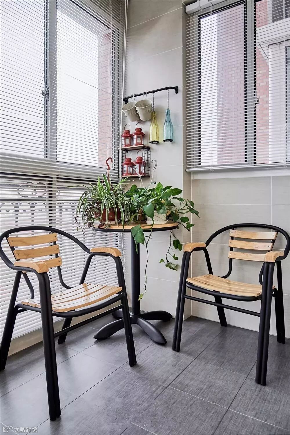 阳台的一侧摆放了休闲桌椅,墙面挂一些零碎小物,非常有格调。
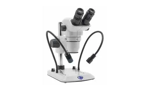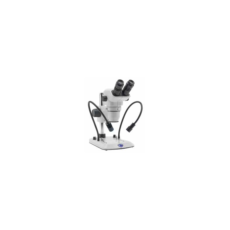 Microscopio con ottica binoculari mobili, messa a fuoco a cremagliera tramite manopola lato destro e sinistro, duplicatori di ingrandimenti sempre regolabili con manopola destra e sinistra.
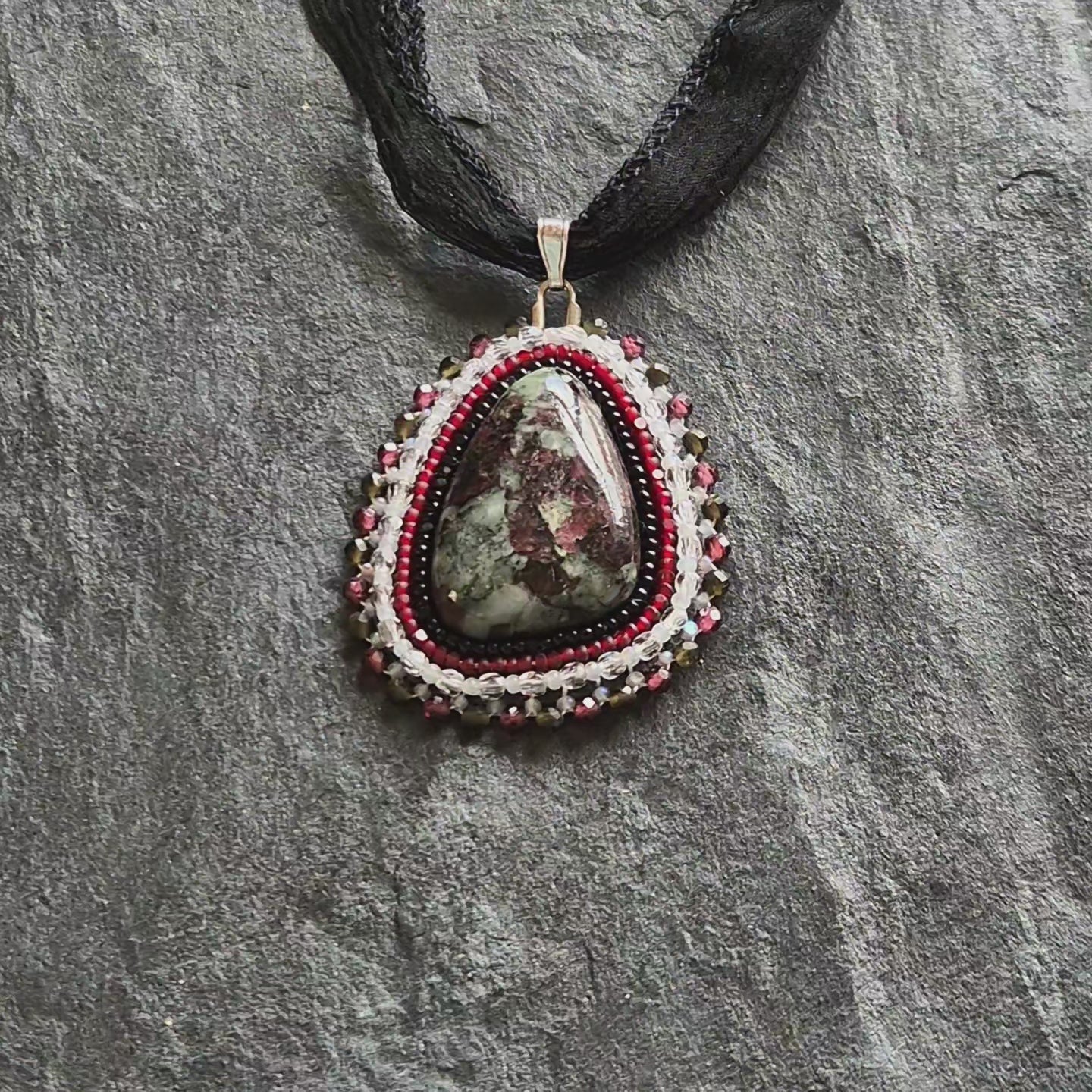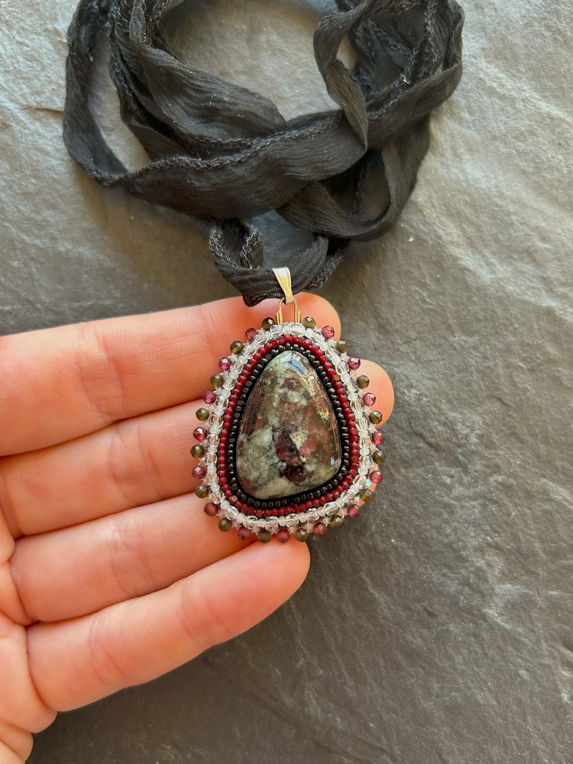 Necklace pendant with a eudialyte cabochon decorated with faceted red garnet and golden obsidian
__________
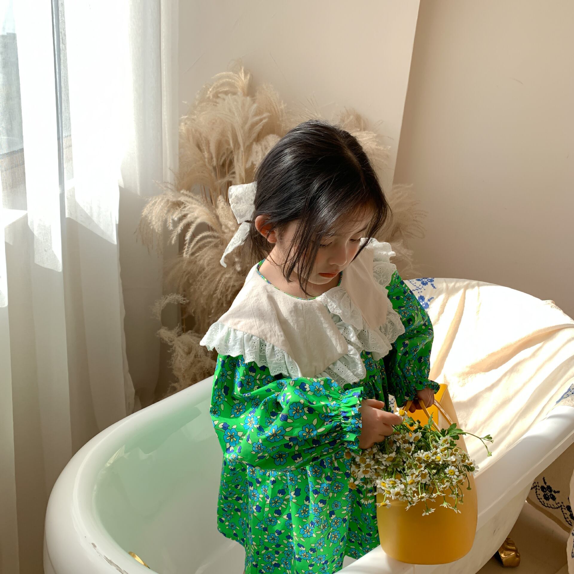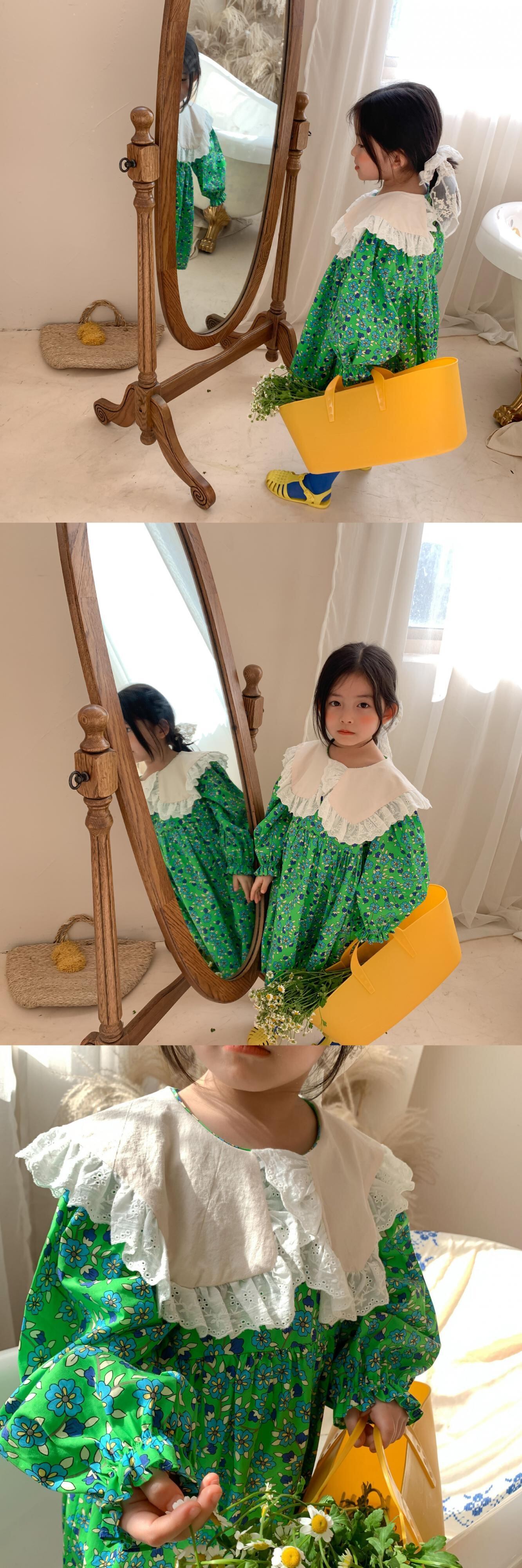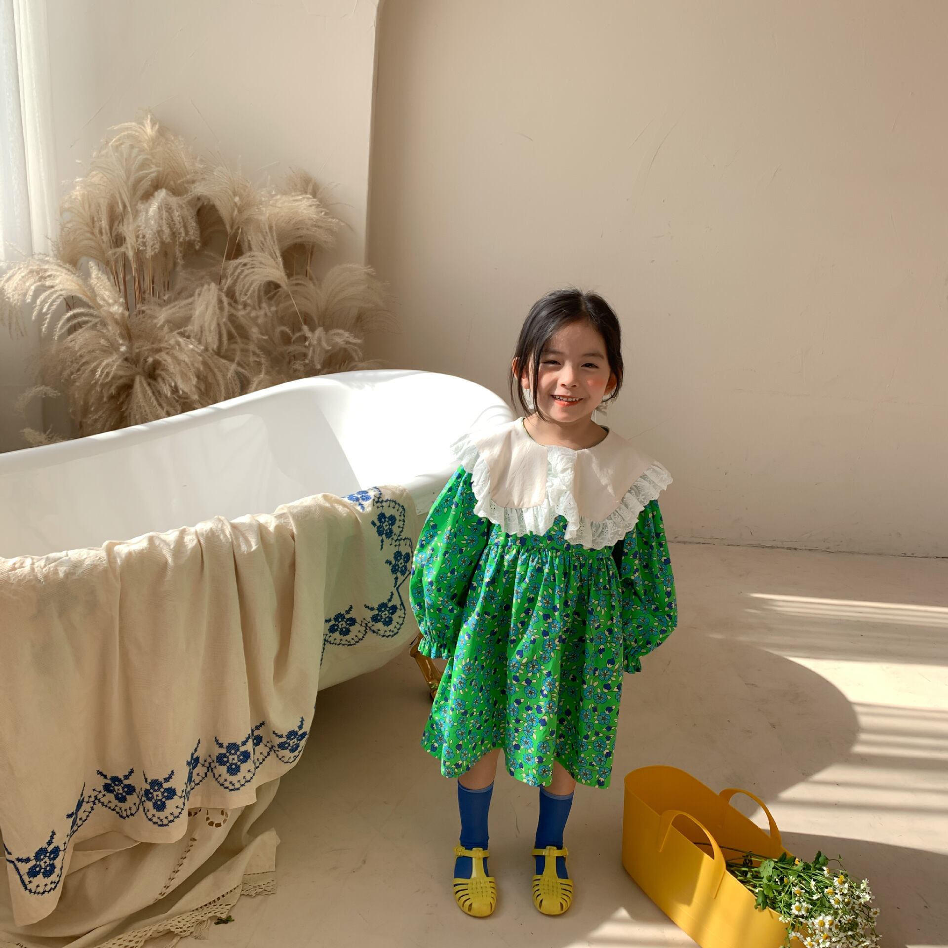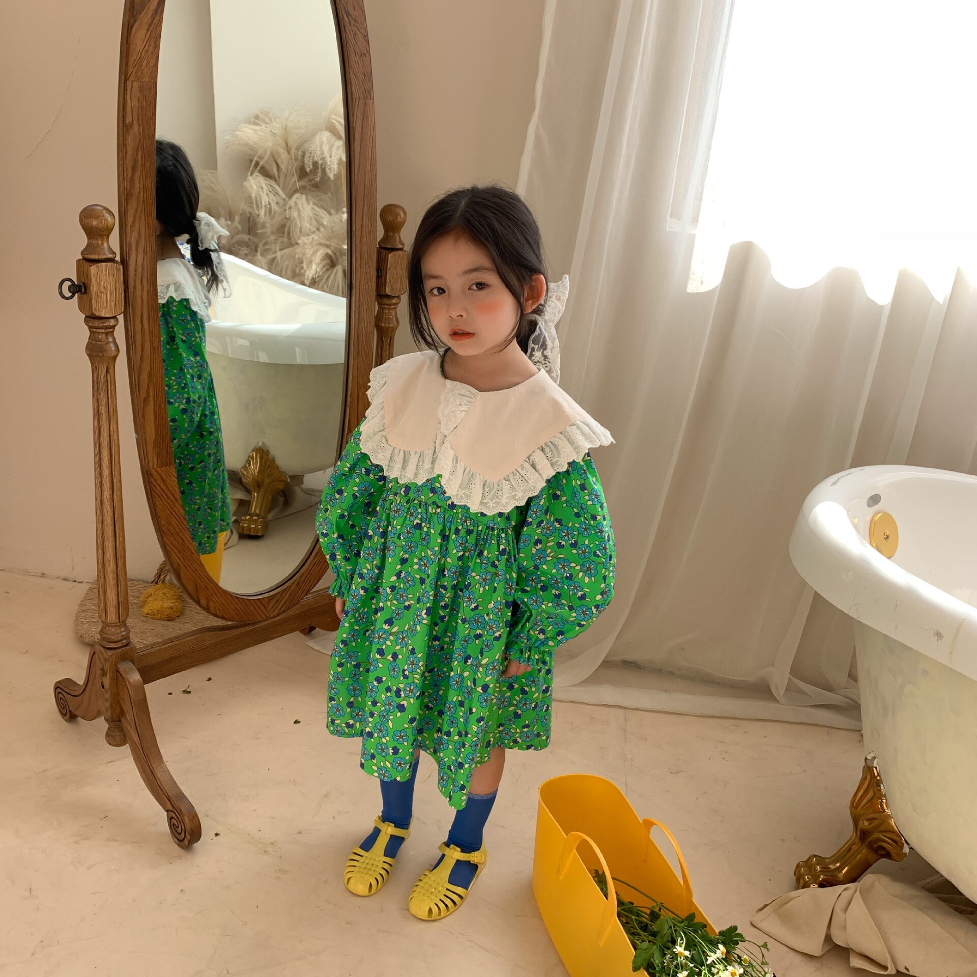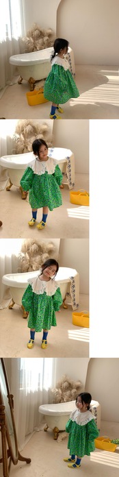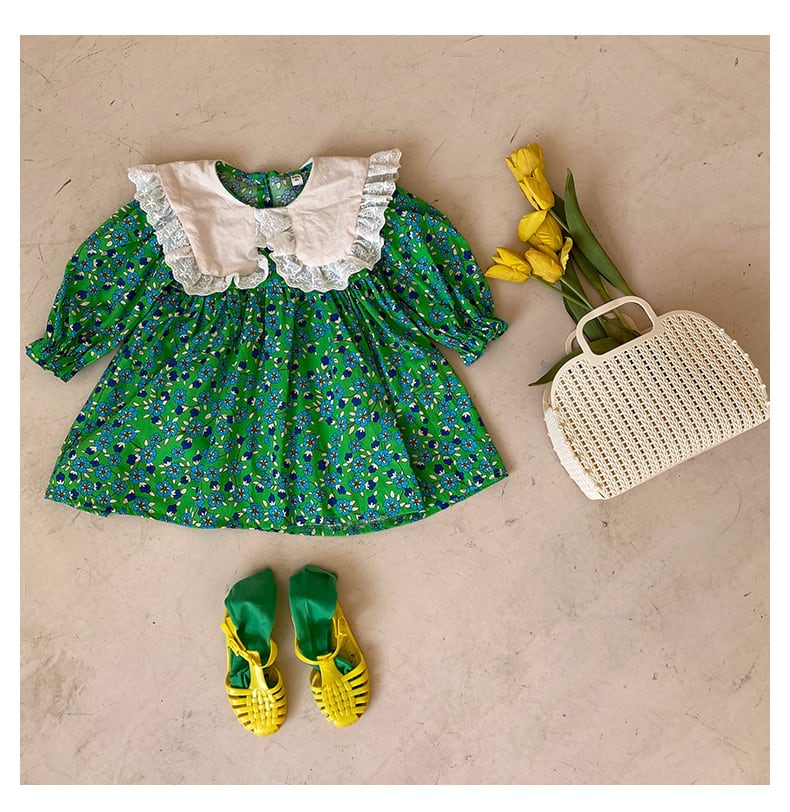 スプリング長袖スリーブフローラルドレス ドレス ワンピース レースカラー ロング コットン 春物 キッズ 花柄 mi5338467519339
__________
# [Task details]
When copying from the data above, begin at the line containing "阳台的一侧摆放了休闲桌椅,墙面挂一些零碎小物,非常有格调。" and end at the line containing "Necklace pendant with"; return those lines exactly and leave all pictures behind.

# [Answer to the problem]
 阳台的一侧摆放了休闲桌椅,墙面挂一些零碎小物,非常有格调。
 Microscopio con ottica binoculari mobili, messa a fuoco a cremagliera tramite manopola lato destro e sinistro, duplicatori di ingrandimenti sempre regolabili con manopola destra e sinistra.
 Necklace pendant with a eudialyte cabochon decorated with faceted red garnet and golden obsidian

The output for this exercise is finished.